Start of DATASET RECORDS
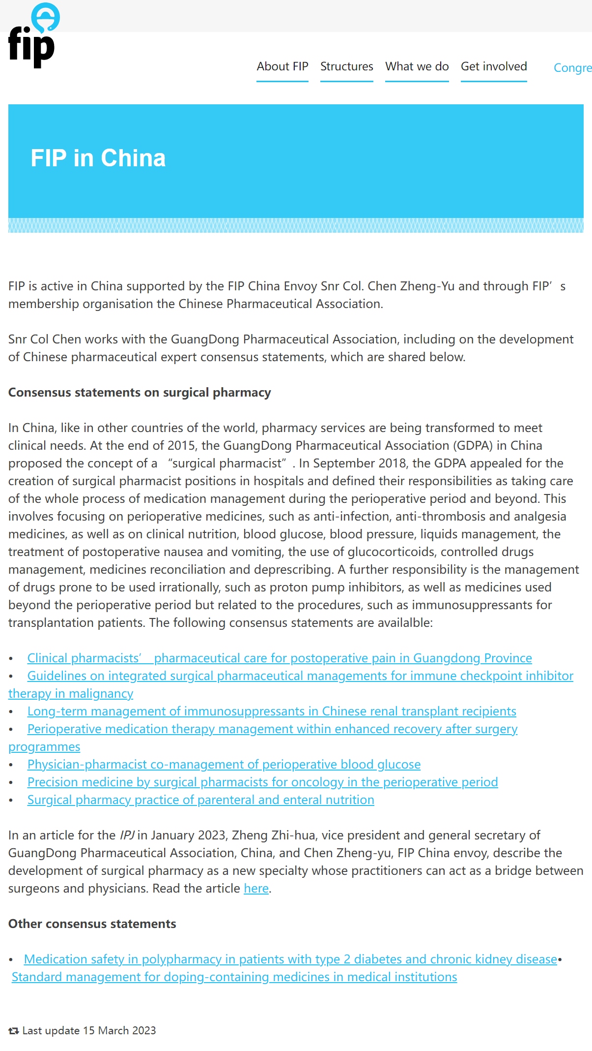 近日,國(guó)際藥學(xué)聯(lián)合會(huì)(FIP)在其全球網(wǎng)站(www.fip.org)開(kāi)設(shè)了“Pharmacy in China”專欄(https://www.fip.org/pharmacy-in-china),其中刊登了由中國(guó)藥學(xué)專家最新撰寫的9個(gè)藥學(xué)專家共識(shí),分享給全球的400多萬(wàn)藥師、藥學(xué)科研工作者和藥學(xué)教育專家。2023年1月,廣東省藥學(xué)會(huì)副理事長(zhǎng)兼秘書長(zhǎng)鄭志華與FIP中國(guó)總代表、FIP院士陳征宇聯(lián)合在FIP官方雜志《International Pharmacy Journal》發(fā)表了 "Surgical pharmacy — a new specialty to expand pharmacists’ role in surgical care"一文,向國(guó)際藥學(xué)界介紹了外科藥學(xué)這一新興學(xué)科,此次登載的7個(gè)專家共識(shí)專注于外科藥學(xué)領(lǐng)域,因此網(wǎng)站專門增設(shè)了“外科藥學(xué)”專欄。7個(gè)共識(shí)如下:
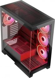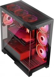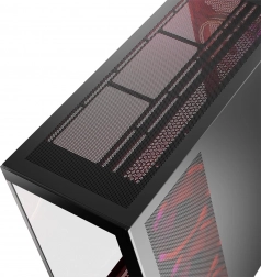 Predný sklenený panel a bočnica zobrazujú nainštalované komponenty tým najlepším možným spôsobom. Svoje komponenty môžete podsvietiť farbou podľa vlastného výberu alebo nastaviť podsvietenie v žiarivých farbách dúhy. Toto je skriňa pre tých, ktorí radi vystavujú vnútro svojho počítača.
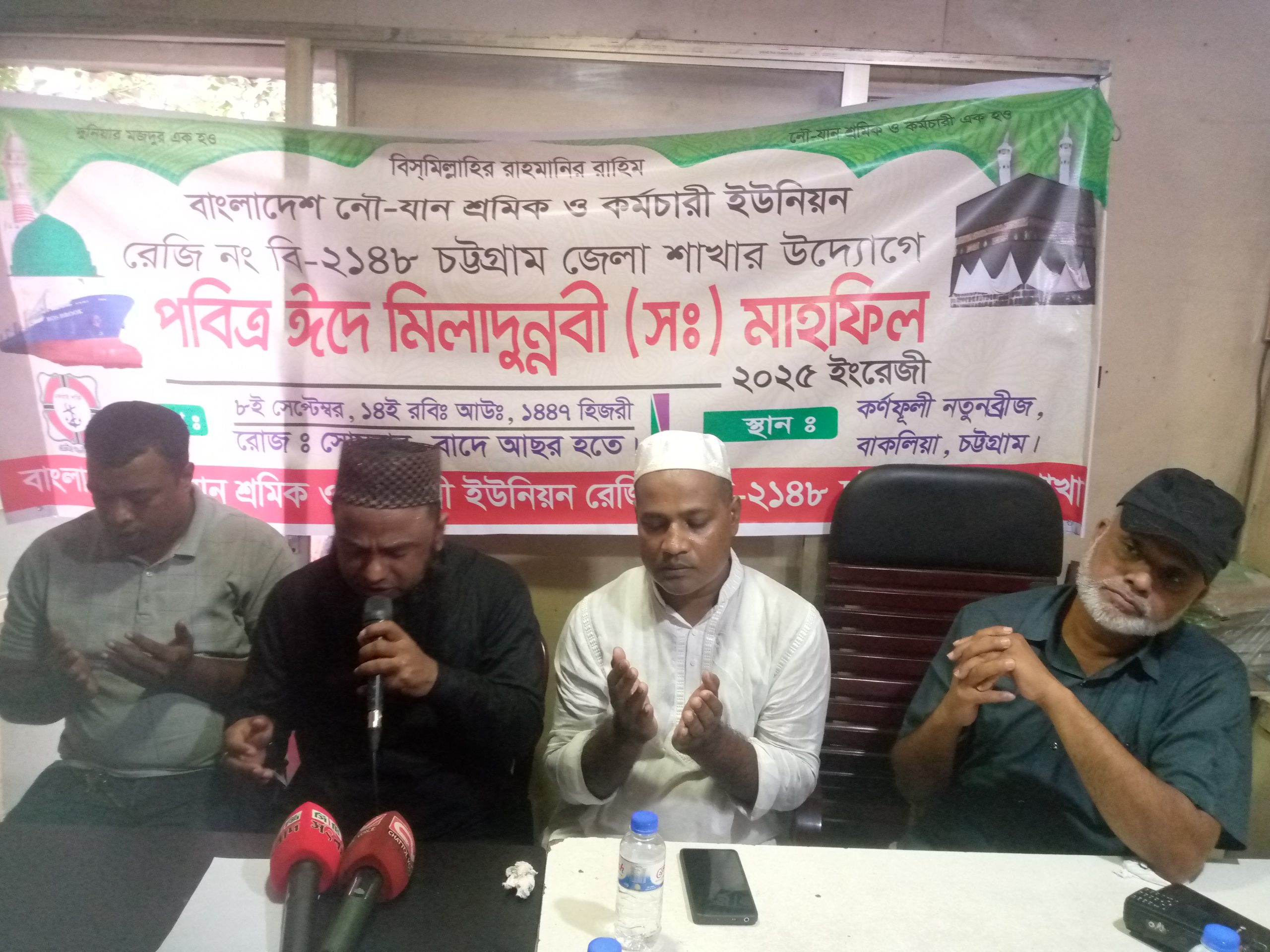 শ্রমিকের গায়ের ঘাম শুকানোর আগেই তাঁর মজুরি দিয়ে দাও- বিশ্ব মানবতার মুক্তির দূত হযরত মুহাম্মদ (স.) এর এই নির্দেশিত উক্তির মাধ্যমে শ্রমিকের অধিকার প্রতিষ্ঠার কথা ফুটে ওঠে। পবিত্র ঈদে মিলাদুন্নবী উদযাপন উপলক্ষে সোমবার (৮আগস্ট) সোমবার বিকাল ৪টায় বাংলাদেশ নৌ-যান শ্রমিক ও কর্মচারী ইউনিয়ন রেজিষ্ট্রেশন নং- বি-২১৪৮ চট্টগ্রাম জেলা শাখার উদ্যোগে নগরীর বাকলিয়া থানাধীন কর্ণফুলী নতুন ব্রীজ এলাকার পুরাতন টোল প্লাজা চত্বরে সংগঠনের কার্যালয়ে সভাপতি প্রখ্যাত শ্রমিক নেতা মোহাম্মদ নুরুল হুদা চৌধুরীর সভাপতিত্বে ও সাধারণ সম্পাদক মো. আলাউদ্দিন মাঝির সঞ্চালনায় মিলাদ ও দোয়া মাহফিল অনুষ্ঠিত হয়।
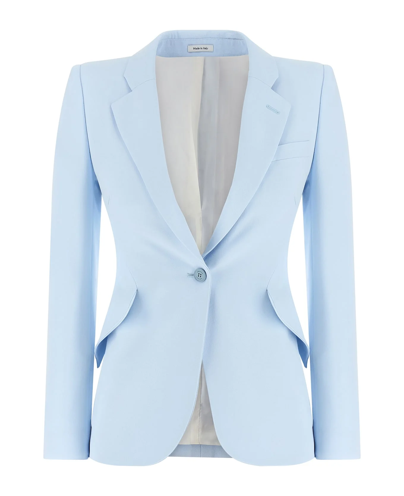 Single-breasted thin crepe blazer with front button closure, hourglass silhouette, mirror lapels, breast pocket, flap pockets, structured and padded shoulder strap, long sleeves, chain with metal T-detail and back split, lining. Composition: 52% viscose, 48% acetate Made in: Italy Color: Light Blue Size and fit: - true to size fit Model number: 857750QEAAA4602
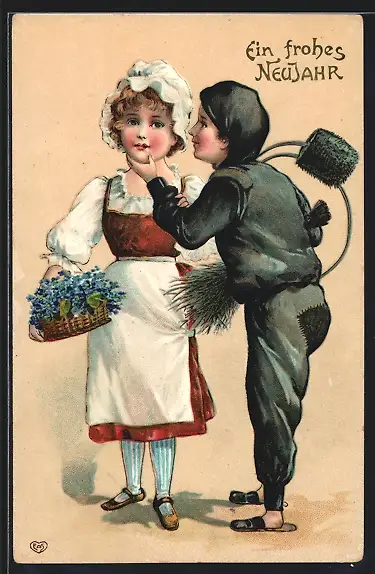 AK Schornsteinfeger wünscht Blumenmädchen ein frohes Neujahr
End of DATASET RECORDS
TASK TO COMPLETE> Print only the lines from the opening line of the listing to the line containing "Predný sklenený panel", inclusive, exactly as they appear and without pictures.

TASK ANSWER>
 近日,國(guó)際藥學(xué)聯(lián)合會(huì)(FIP)在其全球網(wǎng)站(www.fip.org)開(kāi)設(shè)了“Pharmacy in China”專欄(https://www.fip.org/pharmacy-in-china),其中刊登了由中國(guó)藥學(xué)專家最新撰寫的9個(gè)藥學(xué)專家共識(shí),分享給全球的400多萬(wàn)藥師、藥學(xué)科研工作者和藥學(xué)教育專家。2023年1月,廣東省藥學(xué)會(huì)副理事長(zhǎng)兼秘書長(zhǎng)鄭志華與FIP中國(guó)總代表、FIP院士陳征宇聯(lián)合在FIP官方雜志《International Pharmacy Journal》發(fā)表了 "Surgical pharmacy — a new specialty to expand pharmacists’ role in surgical care"一文,向國(guó)際藥學(xué)界介紹了外科藥學(xué)這一新興學(xué)科,此次登載的7個(gè)專家共識(shí)專注于外科藥學(xué)領(lǐng)域,因此網(wǎng)站專門增設(shè)了“外科藥學(xué)”專欄。7個(gè)共識(shí)如下:
 Predný sklenený panel a bočnica zobrazujú nainštalované komponenty tým najlepším možným spôsobom. Svoje komponenty môžete podsvietiť farbou podľa vlastného výberu alebo nastaviť podsvietenie v žiarivých farbách dúhy. Toto je skriňa pre tých, ktorí radi vystavujú vnútro svojho počítača.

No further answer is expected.